Plain X-rays of the chest and abdomen

It has been reported that early pleural effusion in patients with acute pancreatitis is a sign of widespread inflammation and that pleural effusion in one or both sides of the chest is associated with a poor outcome (Level 2b).54, 55, 56 Because ileus found by plain abdominal x-rays may be a sign of organ failure, its association with severity should be investigated in further research.


Diagnosis of acute pancreatitis itself does not require angiography. However, in Japan, angiography is sometimes carried out in the acute phase of acute pancreatitis before the performing of continuous regional arterial infusion of protease inhibitors and antibacterial drugs. The angiographic findings may be helpful in diagnosing the severity of the disease. Arterial constriction observed by angiography suggests the presence of splanchnic ischemia of the pancreas and other intraperitoneal organs, and is correlated with severity (Level 2b).57,58

Severity assessment based on other factors


Obesity has been found to have a major negative impact on prognosis and the progression of severity of acute parcreatitis in the United States and Europe (Level 1a).59 The number of patients with severe pancreatitis with abscess formation and the number of deaths are significantly higher among patients with acute pancreatitis who are obese, particularly those with a body mass index (BMI; body weight [kg] / height2 [m2]) of 30kg/m2 or more (Level 1c–2c).60,61 This is explained by local complications caused by obesity (Level 2b)62 and the higher probability of respiratory complications from obesity (Level 3b).63

Gastric intramucosal pH (pHi)

The lowering of pHi is based on the rapid reduction of circulating plasma volume at the onset of acute pancreatitis and accompanying acute circulation failure. pHi is measured with a tonometer inserted transnasally within 12 to 48 h after the onset of acute pancreatitis. A study (Level 1c)64 of 17 patients with severe pancreatitis revealed a significantly higher mortality rate among those with the lowest pHi within the first 48 h after admission, with a pHi of 7.25 as a cutoff value (sensitivity, 100%; specificity, 77%; and positive predictive value, 82%). The number of failed organs was higher among patients with lower pHi (Level 2b).65 There are significant correlations of pHi with the serum levels of various cytokines (Level 2b),66 but pHi cannot be used to differentiate between severe and moderate cases (Level 2b).67

Molecular markers

The blood concentrations of interleukin-6 (Level 2b),28 interleukin-8 (Level 2b),68 soluble tumor necrosis factor-receptor (sTNF-R; Level 2b),68,69 granulocyte esterase (Levels 1c–2b),27,70,71 cytochrome c (Level 2b),72 creatine phosphokinase (CPK; Level 2b),73 activation peptide of procarboxypeptidase B (CAPAP),74,75 methemalbumin,76 procalcitonin,77 pancreatitis-associated protein (PAP),78 ribonuclease,79 and endothelin-180 all reflect the severity of acute pancreatitis. Urine trypsinogen activation peptide (TAP; Level 2b),74,81 ascites TAP (Level 1b),82 and urine trypsinogen-2 (Level 1b)83 are also reported to reflect the severity of pancreatitis. In view of their high sensitivity and specificity, these markers are expected to be useful in the future for assessing severity and predicting progression to a poor outcome. Elevation of blood amylase and lipase concentrations is an important factor for the diagnosis of acute pancreatitis, but it does not necessarily reflect severity.

Transfer criteria

CQ6. What are the indications for transferring patients with acute pancreatitis to a specialist unit?

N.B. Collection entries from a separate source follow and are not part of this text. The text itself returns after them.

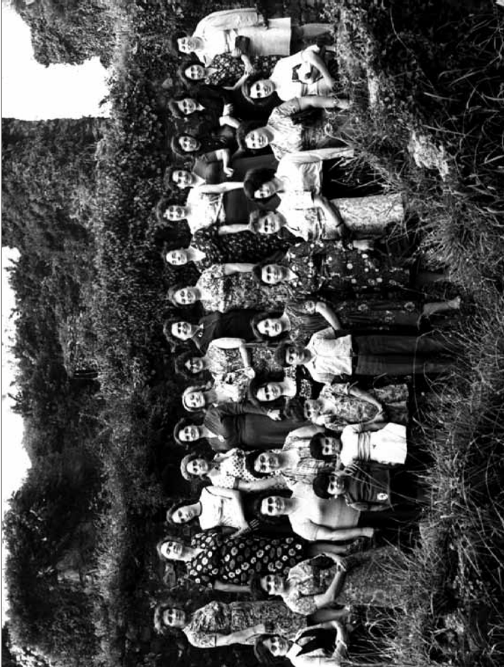
ქალაქ ბათუმის ბიბლიოთეკარები ექსკურსიაზე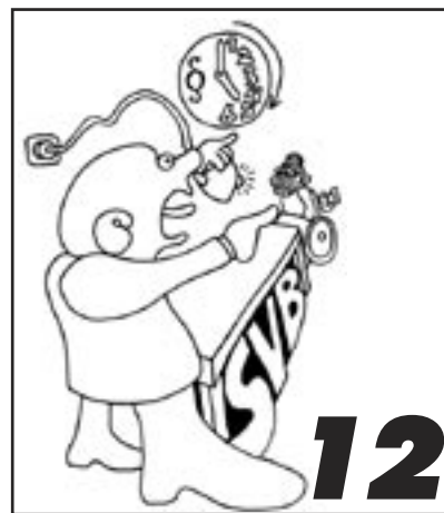
12 UITKERINGSGERECHTIGDEN AUTOMATISCH VERDACHTEN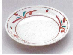
257-24-275 赤絵花5.0皿 700円 16.5×2.8cm 25724275

It is desirable to transfer patients with severe acute pancreatitis (JPN score of 2 or more) to a medical institution where monitoring and systemic management are available (Recommendation A)

Inpatient treatment is very important with acute pancreatitis. The guidelines of the British Society of Gastroenterology (1998)20 recommend that multiple acute fluid collections, contrast-enhanced CT findings that indicate pancreatic necrosis of greater than 50%, and organ failure be used as indications for transfer to a specialist medical institution. The Santorini Consensus Conference in 199919 recommended that obesity (BMI, >30kg/m2), pleural effusion, an APACHE II score of 6, or more, an APACHE-O score (“O” stands for obesity) of 6 or more (APACHE II score + 1, if BMI is 25–30 kg/ m2; or + 2, if BMI is >30kg/m2), or CRP of more than 15mg/dl be used as indications of a severe case in which the patient needs referral to a specialist medical institution.

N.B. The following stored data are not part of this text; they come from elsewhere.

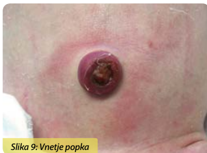
Slika 9: Vnetje popka

Vnetje popka (omfalitis) se kaže z rdečino, oteklino ter gnojnim in smrdečim izcedkom. Vname se navadno zaradi okužbe s škodljivimi bakterijami, ki se na popek naselijo zaradi pomanjkljive higiene rok negovalca. (5) Pri blagi obliki vnetja z rdečino brez oteklina, gnojnega izcedka in smrdečega vonja lahko zadošča lokalno zdravljenje oz. toaleta popka s primerno raztopino razkužila, ki uniči bakterije. Pri težji obliki vnetja popka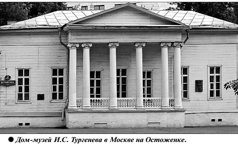
● Дом-музей И.С. Тургенева в Москве на Остоженке.

названная «Лики России». Здесь и просветители, и полководцы, и учёные, и художники — от княгини Дашковой до актёра Щепкина. Понятна мысль устроителей: не на пустое место пришёл всемирно известный Тургенев; было кому поддержать русскую славу и до него. А всё-таки лучше было бы выбрать из этих лиц тех, кто непосредственно связан с писателем. Вот, например, Щепкин — он почувствовал в Тургеневе талант драматурга и поддержал его первые опыты. С лёгкой руки Щепкина состоялся дебют молодого драматурга на сцене Малого театра. Разве это не важно для «Времени московского»? К сожалению, о дружбе с Щепкиным, о совместной с ним работе нет полного представления. А ведь Театральный музей имени А. Бахрушина мог бы представить для выставки обширный материал.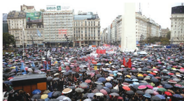
La tarde gris no a amilanó la convocatoria

Pese a las inclemencias del clima, el obelisco se colmó de mujeres ataviadas con ropa negra, según se había acordado y luego iniciaron una marcha que llegó a Plaza de Mayo.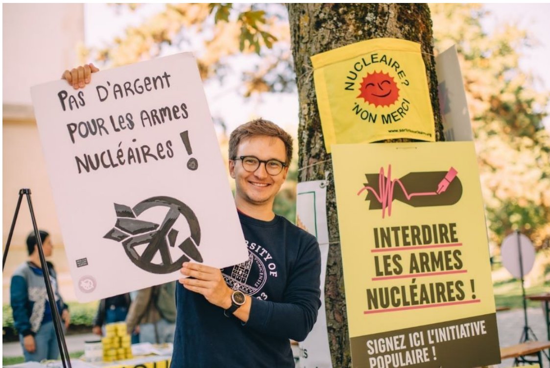
Genf sagt: Kein Geld für nukleare Waffen, unterzeichnet Treaty on the Prohibition of Nuclear Weapons (TPNW)!, Foto: ICAN | Aude Catimel

auch Geld an in Firmen, die an der Herstellung von Anti-Personenminen, Clusterbomben und nuklearen Sprengköpfen beteiligt waren. Laut dem Kriegsmaterialgesetz der Schweiz ist die „direkte und indirekte Finanzierung“ von verbotenen Kriegsmaterial jedoch klar untersagt. Verbotene Waffen sind in der Schweiz chemische und biologische Waffen, Atombomben, Streubomben und Antipersonen-Minen.

In Japan, the JPN score11 is widely used as the criterion for assessing the severity of acute pancreatitis, and it is desirable to transfer patients diagnosed with severe pancreatitis (based on the JPN score) to a medical institution with full-time physicians and surgeons specializing in digestive diseases. Because the mortality rate for patients with a JPN score of 8 or more within the first 24 to 48 h of onset and an APACHE II score of 13 or more is significantly higher than that in patients with JPN scores of less than 8 and APACHE II scores of less than 13, such patients should be transferred to a specialist medical institution with physicians specializing in intensive care, endoscopic treatment, radiological intervention, and biliary-pancreatic surgery (advanced medical unit; Level 3b). Because acute pancreatitis diagnosed as moderate may become severe, the progress of the disease should be carefully monitored (with sufficient fluid replacement) to examine for indications for transfer to a specialist medical institution. The decision to transfer patients should be made after taking into consideration the possible effect of a long road trip on the patient’s morbidity.

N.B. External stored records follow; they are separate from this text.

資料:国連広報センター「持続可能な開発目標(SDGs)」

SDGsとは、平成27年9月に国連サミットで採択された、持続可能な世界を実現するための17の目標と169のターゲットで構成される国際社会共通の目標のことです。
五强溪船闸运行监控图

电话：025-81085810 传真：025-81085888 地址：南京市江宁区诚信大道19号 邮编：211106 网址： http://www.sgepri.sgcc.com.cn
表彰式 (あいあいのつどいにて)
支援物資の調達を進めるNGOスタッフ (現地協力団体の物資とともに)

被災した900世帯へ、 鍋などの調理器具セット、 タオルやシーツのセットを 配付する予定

It is desirable to transfer patients with severe acute pancreatitis (JPN score of 2 or more) to a specialist medical institution where they can receive adequate monitoring and systemic management.


  1. 1.
    Mayumi, T, Ura, H, Arata, S,  et al. 2002Evidence-baced clinical practice guidelines for acute pancreatitis: proposalsJ Hepatobiliary Pancreat Surg941322CrossRefPubMedGoogle Scholar
  2. 2.
    Kish, MA 2001Guide to development of practice guidelinesClin Infect Dis328514CrossRefPubMedGoogle Scholar
  3. 3.
    Ranson, JH, Rifkind, KM, Roses, DF,  et al. 1974Prognostic signs and the role of operative management in acute pancreatitisSurg Gynecol Obstet1396981PubMedGoogle Scholar
  4. 4.
    Ranson, JH 1982Etiological and prognostic factors in human acute pancreatitis: a reviewAm J Gastroenterol776338PubMedGoogle Scholar
  5. 5.
    Imrie, CW, Benjamin, IS, Ferguson, JC,  et al. 1978A single-centre double-blind trial of Trasylol therapy in primary acute pancreatitisBr J Surg6533741CrossRefPubMedGoogle Scholar
  6. 6.
    Osborne, DH, Imrie, CW, Carter, DC 1981Biliary surgery in the same admission for gallstone-associated acute pancreatitisBr J Surg6875861CrossRefPubMedGoogle Scholar
  7. 7.
    Blamey, SL, Imrie, CW, O’Neill, J,  et al. 1984Prognostic factors in acute pancreatitisGut2513406CrossRefPubMedGoogle Scholar
  8. 8.
    Bank, S, Wise, L, Gersten, M 1983Risk factors in acute pancreatitisAm J Gastroenterol7863740PubMedGoogle Scholar
  9. 9.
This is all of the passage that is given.